Raad van State positief over Gebiedsontwikkeling Oostelijke Langstraat, wel meer informatie stikstofcompensatie gevraagd

In een tussenuitspraak over het Provinciaal Inpassingplan Gebiedsontwikkeling Oostelijke Langstraat (GOL) vraagt de Raad van State hoofdzakelijk meer tekst en uitleg aan de provincie Noord-Brabant over de compensatie van stikstofuitstoot in het plan. De afdeling bestuursrechtspraak laat verder het plan overeind, op een enkel bezwaar na. De provincie krijgt zes maanden de tijd haar plan beter te onderbouwen.

Gedeputeerde Staten vinden het goed dat er met deze tussenuitspraak eindelijk meer duidelijkheid is gekomen, zeker voor de direct betrokkenen. Ze gaan met vertrouwen aan de slag om de gevraagde onderbouwing aan te leveren zodat er een definitieve uitspraak in 2022 kan volgen. Daarnaast concludeert GS dat bij het opstellen van het plan goede afwegingen zijn gemaakt tussen de varianten en dat de voorgenomen ontwikkeling in de Baardwijkse Overlaat past in de oorspronkelijke cultuurhistorische waarde van het gebied.

GOL: Natuur, hoogwater en verkeer
Het programma Gebiedsontwikkeling Oostelijke Langstraat (GOL) is ontwikkeld om de kwaliteit van de omgeving rond de A59 (tussen ’s-Hertogenbosch en Waalwijk) te verbeteren. De provincie Noord-Brabant werkt samen met de gemeenten Heusden, ’s-Hertogenbosch, Waalwijk, waterschap Aa en Maas en Rijkswaterstaat. De gebiedsgerichte aanpak zet in op drie doelen: 
Natuur: Het realiseren van drie ecologische verbindingszones om het Natuurnetwerk Brabant af te maken; 
Water: Beschermingsmaatregelen om ’s-Hertogenbosch en omgeving verder te beschermen tegen hoogwater;
Verkeer: Leefbaarheid van de omliggende dorpen vergroten door het verkeer via de juiste route op de plaats van bestemming te krijgen, zo min mogelijk via de kernen.  Dit wordt onder meer gedaan door verbeteren van de gevaarlijke op- en afritten en meer doorstroming van het verkeer op de A59.

Inpassingsplan aanpassen
Voor de provincie betekent de uitspraak dat zij de motivering van haar plannen moet aanpassen als het gaat om de stikstofcompensatie.
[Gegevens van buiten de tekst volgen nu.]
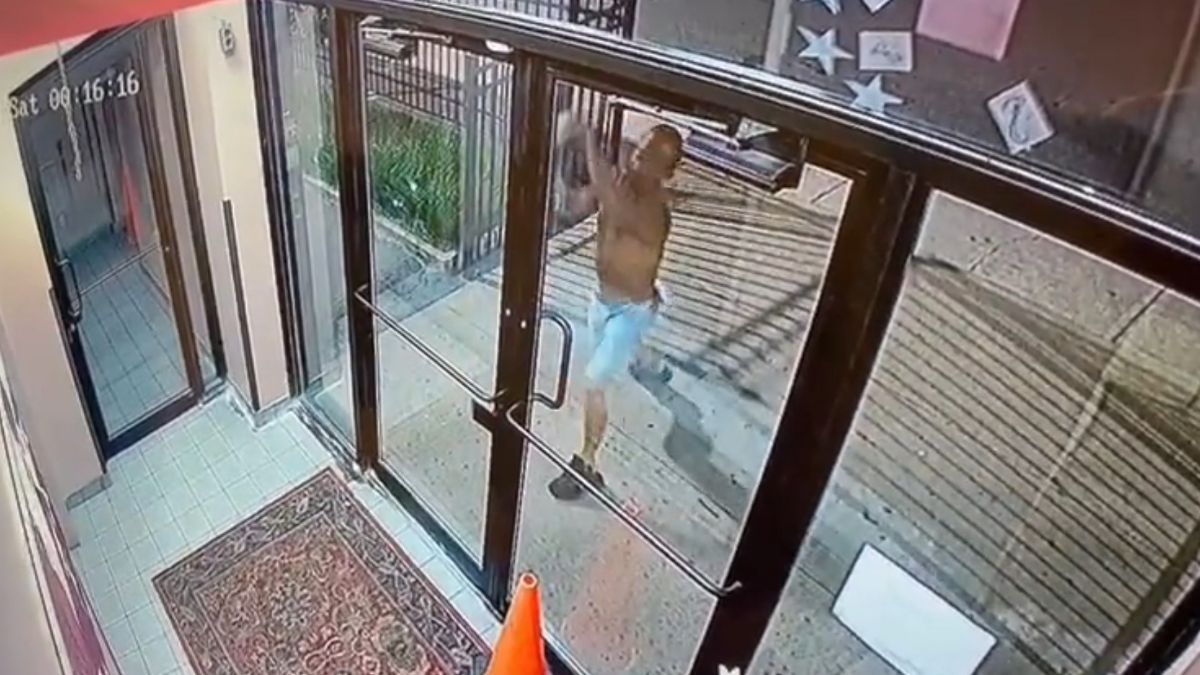 On peut apercevoir, sur la séquence, un individu torse nu en train de tenter de briser les vitres des portes d’entrée du lieu de culte, à l’aide d’une brique imposante.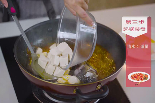 5.放入豆瓣酱炒香后加入清水煮开,放入鱼和豆腐,中火烧5分钟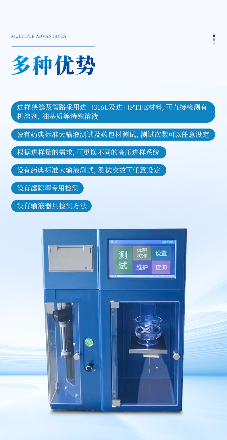 ●滿足《中國(guó)藥典》可直接檢測(cè)注射液、無菌粉、輸液器具及藥包材的不溶性微粒含量及大小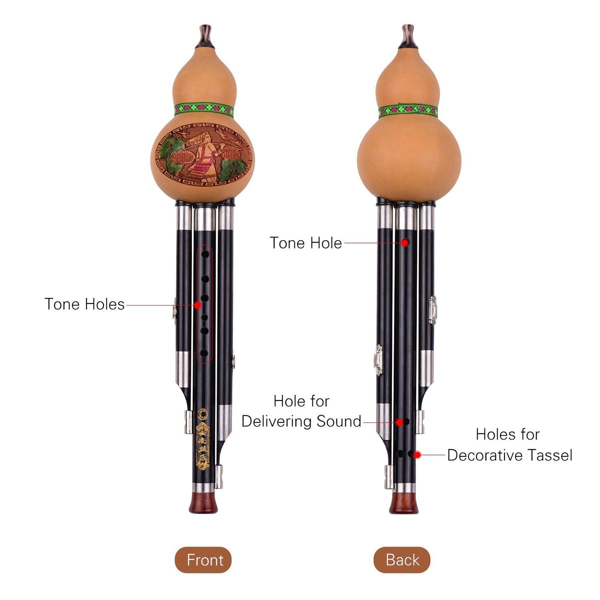 The center pipe has 7 finger holes for making different tones, providing you with pure and mellow sounds.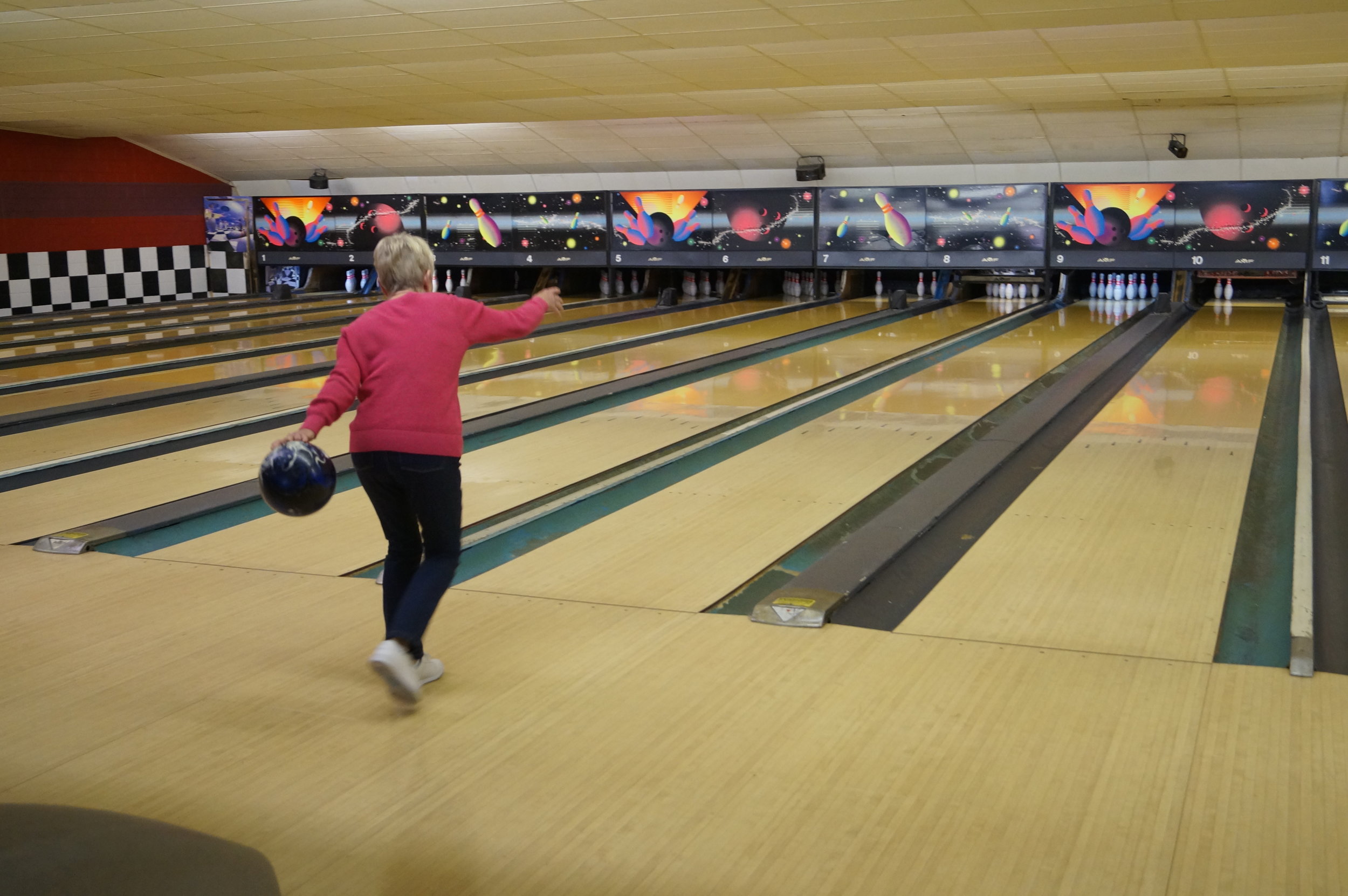 September ended with a bit of wine (a disappointing visit to Chateau Morrisette Winery and Restaurant) and fog. The fall sun and rain made the plants on our lot thrive. On foggy days we still had stuff to do....like bowling. I am not that good at it. If only I could swap my golf and bowling scores.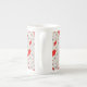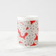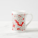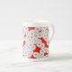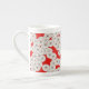 Art Deco-blomman mönster - vit på rött Benporslin Mugg

Dit betekent formeel dat het Provinciaal Inpassingsplan moet worden aangepast en er een nieuwe vergunning op de Wetnatuurbescherming (wnb) nodig is. De provincie hield al rekening met deze aanpassingen, onder meer omdat in 2019 de PAS onderuit is gegaan en dit plan op basis hiervan wel was onderbouwd. Voor een deel had de provincie op de aanpassingen al geanticipeerd door de aankoop van een boerderij in Drunen en het intrekken van de vergunningen daarvan. De provincie heeft de verwachte positieve effecten hiervan voor de natuur meegenomen in het stikstofonderzoek.
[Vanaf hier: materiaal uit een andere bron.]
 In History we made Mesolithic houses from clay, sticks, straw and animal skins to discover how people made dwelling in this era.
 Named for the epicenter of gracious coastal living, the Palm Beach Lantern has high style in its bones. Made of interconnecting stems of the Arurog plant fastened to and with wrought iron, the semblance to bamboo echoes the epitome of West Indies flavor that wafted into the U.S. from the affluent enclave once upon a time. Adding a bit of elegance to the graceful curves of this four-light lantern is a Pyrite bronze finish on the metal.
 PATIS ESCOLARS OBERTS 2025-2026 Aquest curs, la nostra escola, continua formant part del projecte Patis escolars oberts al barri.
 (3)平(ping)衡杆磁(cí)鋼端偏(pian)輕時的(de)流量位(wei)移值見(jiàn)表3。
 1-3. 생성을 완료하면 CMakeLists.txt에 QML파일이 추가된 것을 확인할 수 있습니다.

Stikstofcompensatie motiveren
De Raad van State stelt nu dat de provincie nog niet voldoende heeft uitgewerkt dat op deze manier er geen negatieve effecten op Natura2000-gebied zijn en aan de voorwaarden is voldaan. De Raad van State verwijst ook naar een eerder oordeel van de afdeling bestuursrechtspraak over het tracébesluit over de A15. Dat betreft het rekenmodel dat uitgaat van de zogenoemde afkap voor verkeer. Hierbij wordt stikstofuitstoot van verkeer dat terechtkomt op meer dan vijf kilometer afstand van de weg niet meegenomen in de berekeningen. De provincie moet beter uitleggen dat met dit model volledig, precies en definitief kan worden geconcludeerd dat de plannen geen nadelige gevolgen hebben voor omliggende Natura 2000-gebieden. Europese natuurwetgeving vereist wel die mate van volledigheid en duidelijkheid.

Aan beide eisen zal, samen met die delen van de uitspraak waarin bezwaarmakers in het gelijk zijn gesteld, gevolg worden gegeven. Komende periode bekijkt de provincie wat dit betekent voor de planning van het project.